[BUG] Flink pulsar source upgrade from 1.13.1.4 to 1.13.6.2 fails
nikolasten opened this issue · 1 comments
Flink pulsar source upgrade from 1.13.1.4 to 1.13.6.2 fails
When upgrading flink pipeline that was using 1.13.1.4 pulsar flink connector, more specifically org.apache.flink.streaming.connectors.pulsar.FlinkPulsarSource
to 1.13.6.2 pulsar flink connector, upgrade fails with error
java.lang.Exception: Exception while creating StreamOperatorStateContext.
at org.apache.flink.streaming.api.operators.StreamTaskStateInitializerImpl.streamOperatorStateContext(StreamTaskStateInitializerImpl.java:254)
at org.apache.flink.streaming.api.operators.AbstractStreamOperator.initializeState(AbstractStreamOperator.java:272)
at org.apache.flink.streaming.runtime.tasks.OperatorChain.initializeStateAndOpenOperators(OperatorChain.java:441)
at org.apache.flink.streaming.runtime.tasks.StreamTask.restoreGates(StreamTask.java:585)
at org.apache.flink.streaming.runtime.tasks.StreamTaskActionExecutor$SynchronizedStreamTaskActionExecutor.call(StreamTaskActionExecutor.java:100)

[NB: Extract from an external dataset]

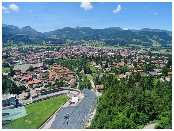 Wir erreichen wieder Oberstdorf. Im Bildvordergrund die Auslaufzone der Schattenbergschanze.
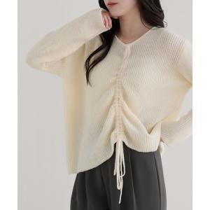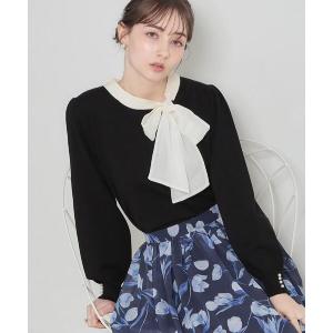 ニット セーター 「洗える・着映え」オーガンジーリボンタイ ニット レディース

at org.apache.flink.streaming.runtime.tasks.StreamTask.executeRestore(StreamTask.java:565)
at org.apache.flink.streaming.runtime.tasks.StreamTask.runWithCleanUpOnFail(StreamTask.java:650)
at org.apache.flink.streaming.runtime.tasks.StreamTask.restore(StreamTask.java:540)
at org.apache.flink.runtime.taskmanager.Task.doRun(Task.java:759)
at org.apache.flink.runtime.taskmanager.Task.run(Task.java:566)
at java.base/java.lang.Thread.run(Unknown Source)\nCaused by: org.apache.flink.util.FlinkException: Could not restore operator state backend for StreamSource_e851a344fc332b3e7b727e57889fc262_(1/1) from any of the 1 provided restore options.
at org.apache.flink.streaming.api.operators.BackendRestorerProcedure.createAndRestore(BackendRestorerProcedure.java:160)
at org.apache.flink.streaming.api.operators.StreamTaskStateInitializerImpl.operatorStateBackend(StreamTaskStateInitializerImpl.java:285)
at org.apache.flink.streaming.api.operators.StreamTaskStateInitializerImpl.streamOperatorStateContext(StreamTaskStateInitializerImpl.java:173)
... 10 common frames omitted\nCaused by: org.apache.flink.runtime.state.BackendBuildingException: Failed when trying to restore operator state backend
at org.apache.flink.runtime.state.DefaultOperatorStateBackendBuilder.build(DefaultOperatorStateBackendBuilder.java:83)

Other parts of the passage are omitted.